==== DATA RECORDS

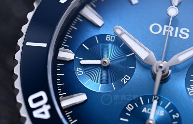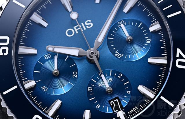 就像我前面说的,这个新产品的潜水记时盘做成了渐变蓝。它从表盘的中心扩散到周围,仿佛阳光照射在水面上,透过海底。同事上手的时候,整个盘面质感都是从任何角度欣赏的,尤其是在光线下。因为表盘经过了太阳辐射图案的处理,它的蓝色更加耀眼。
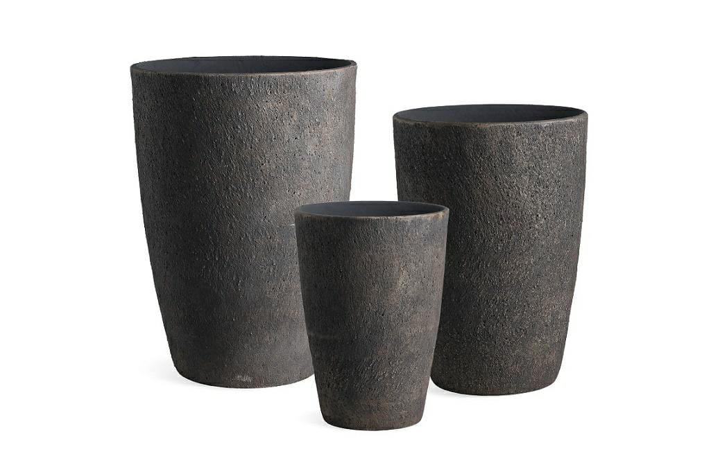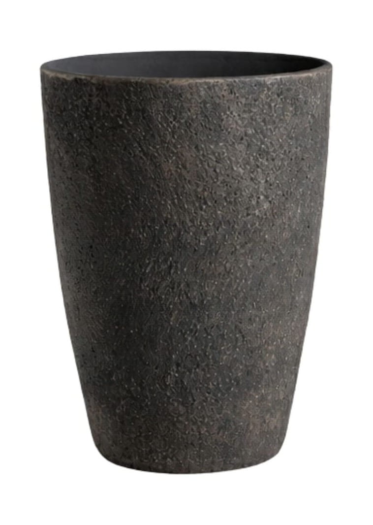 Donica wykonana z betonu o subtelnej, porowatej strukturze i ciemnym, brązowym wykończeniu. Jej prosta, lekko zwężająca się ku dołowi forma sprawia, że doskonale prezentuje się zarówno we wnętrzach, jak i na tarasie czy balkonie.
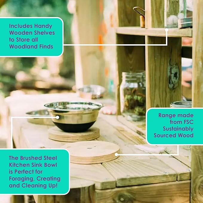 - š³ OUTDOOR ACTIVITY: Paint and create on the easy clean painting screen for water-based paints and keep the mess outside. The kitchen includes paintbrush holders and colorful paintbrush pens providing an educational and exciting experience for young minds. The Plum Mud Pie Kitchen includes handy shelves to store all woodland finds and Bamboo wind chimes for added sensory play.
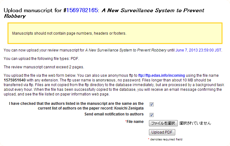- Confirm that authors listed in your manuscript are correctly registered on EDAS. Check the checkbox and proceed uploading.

========
==== DATA RECORDS

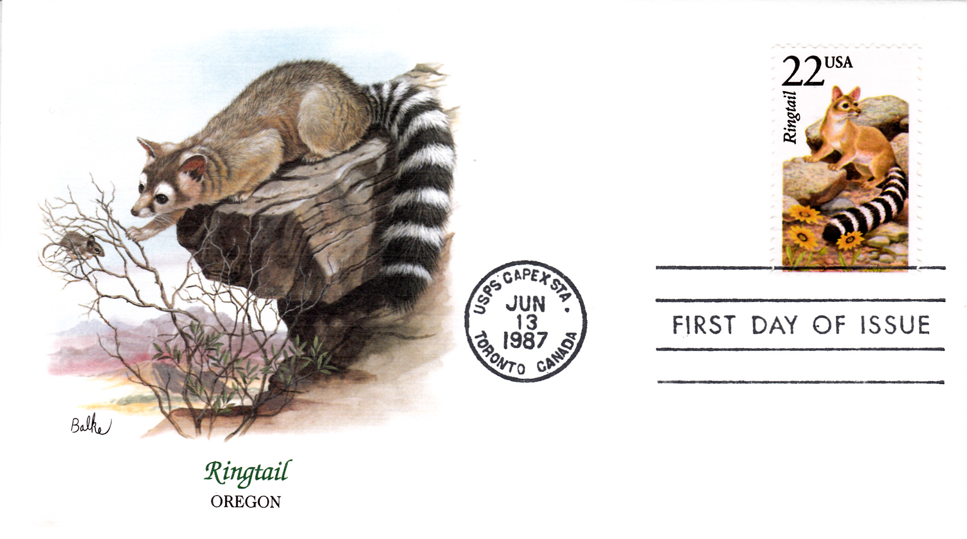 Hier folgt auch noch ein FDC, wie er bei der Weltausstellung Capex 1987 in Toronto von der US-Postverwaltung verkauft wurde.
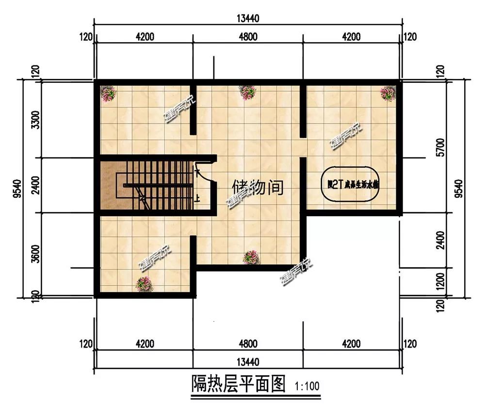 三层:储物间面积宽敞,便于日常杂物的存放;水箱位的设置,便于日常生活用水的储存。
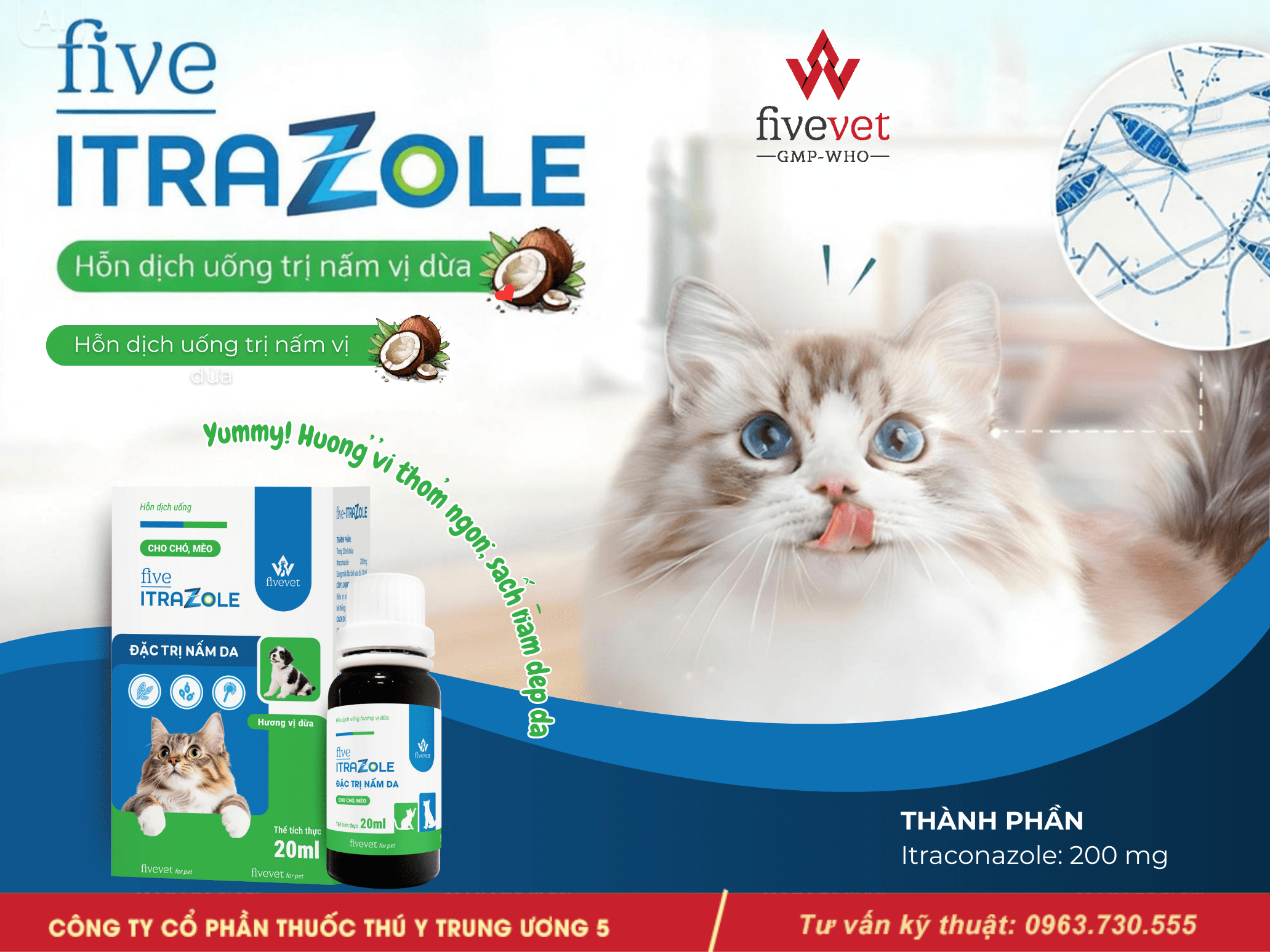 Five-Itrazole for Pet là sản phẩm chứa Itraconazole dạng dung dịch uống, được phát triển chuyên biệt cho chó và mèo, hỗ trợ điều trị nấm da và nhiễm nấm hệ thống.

========
==== DATA RECORDS

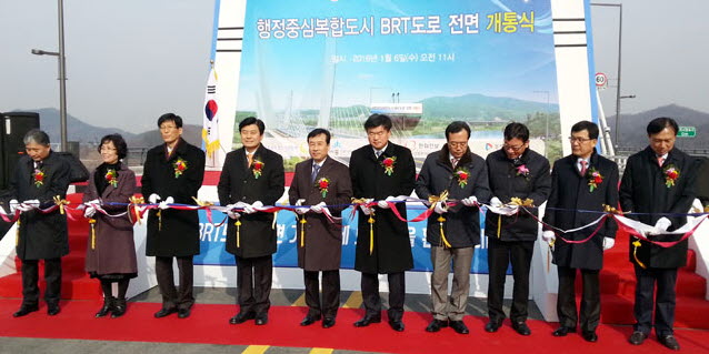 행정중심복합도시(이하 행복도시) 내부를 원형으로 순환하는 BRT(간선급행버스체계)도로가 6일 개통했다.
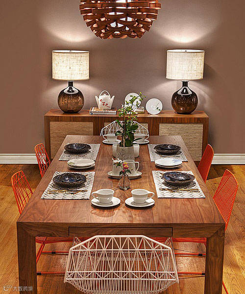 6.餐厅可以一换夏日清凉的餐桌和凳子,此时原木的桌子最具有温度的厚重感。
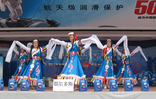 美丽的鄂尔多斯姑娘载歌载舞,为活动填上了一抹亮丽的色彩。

========

WHAT IS REQUIRED
In the material above, the stretch from the line with "- š³ OUTDOOR" through the line with "- Confirm that" is to be given again exactly, minus the pictures.

OUTPUT BELOW
 - š³ OUTDOOR ACTIVITY: Paint and create on the easy clean painting screen for water-based paints and keep the mess outside. The kitchen includes paintbrush holders and colorful paintbrush pens providing an educational and exciting experience for young minds. The Plum Mud Pie Kitchen includes handy shelves to store all woodland finds and Bamboo wind chimes for added sensory play.
- Confirm that authors listed in your manuscript are correctly registered on EDAS. Check the checkbox and proceed uploading.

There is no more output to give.